:: Dataset entries ::
☆ ☆ ☆ ☆
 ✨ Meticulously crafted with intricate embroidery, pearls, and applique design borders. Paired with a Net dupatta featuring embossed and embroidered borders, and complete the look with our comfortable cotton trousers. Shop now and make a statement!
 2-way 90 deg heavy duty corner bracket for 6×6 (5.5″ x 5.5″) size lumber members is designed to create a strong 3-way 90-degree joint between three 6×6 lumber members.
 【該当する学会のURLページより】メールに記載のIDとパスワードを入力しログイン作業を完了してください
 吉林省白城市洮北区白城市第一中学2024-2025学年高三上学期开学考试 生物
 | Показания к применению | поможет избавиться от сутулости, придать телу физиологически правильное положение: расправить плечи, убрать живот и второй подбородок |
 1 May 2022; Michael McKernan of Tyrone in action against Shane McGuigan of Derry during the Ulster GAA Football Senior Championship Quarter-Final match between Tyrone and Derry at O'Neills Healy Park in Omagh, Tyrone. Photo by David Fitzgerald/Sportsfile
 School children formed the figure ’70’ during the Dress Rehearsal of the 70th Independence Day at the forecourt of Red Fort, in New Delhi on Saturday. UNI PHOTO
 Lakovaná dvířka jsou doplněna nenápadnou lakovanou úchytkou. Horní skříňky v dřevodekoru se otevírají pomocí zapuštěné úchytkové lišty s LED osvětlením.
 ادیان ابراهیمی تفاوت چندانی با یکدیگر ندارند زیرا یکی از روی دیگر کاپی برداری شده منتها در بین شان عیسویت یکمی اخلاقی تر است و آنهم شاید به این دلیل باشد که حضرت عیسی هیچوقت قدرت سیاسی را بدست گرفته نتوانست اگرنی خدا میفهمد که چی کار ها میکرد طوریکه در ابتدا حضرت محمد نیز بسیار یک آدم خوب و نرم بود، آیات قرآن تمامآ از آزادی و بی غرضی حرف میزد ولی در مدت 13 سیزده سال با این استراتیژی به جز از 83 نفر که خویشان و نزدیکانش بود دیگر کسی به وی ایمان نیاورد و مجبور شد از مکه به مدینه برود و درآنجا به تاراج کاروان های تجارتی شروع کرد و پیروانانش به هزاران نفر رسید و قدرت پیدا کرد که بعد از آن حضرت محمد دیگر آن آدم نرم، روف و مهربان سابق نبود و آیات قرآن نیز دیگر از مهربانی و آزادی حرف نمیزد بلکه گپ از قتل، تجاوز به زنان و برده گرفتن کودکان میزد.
☆ ☆ ☆ ☆
:: Exercise objective ::
Considering only the data above, return the lines in which "between" occurs.

:: Your solution ::
 2-way 90 deg heavy duty corner bracket for 6×6 (5.5″ x 5.5″) size lumber members is designed to create a strong 3-way 90-degree joint between three 6×6 lumber members.
 1 May 2022; Michael McKernan of Tyrone in action against Shane McGuigan of Derry during the Ulster GAA Football Senior Championship Quarter-Final match between Tyrone and Derry at O'Neills Healy Park in Omagh, Tyrone. Photo by David Fitzgerald/Sportsfile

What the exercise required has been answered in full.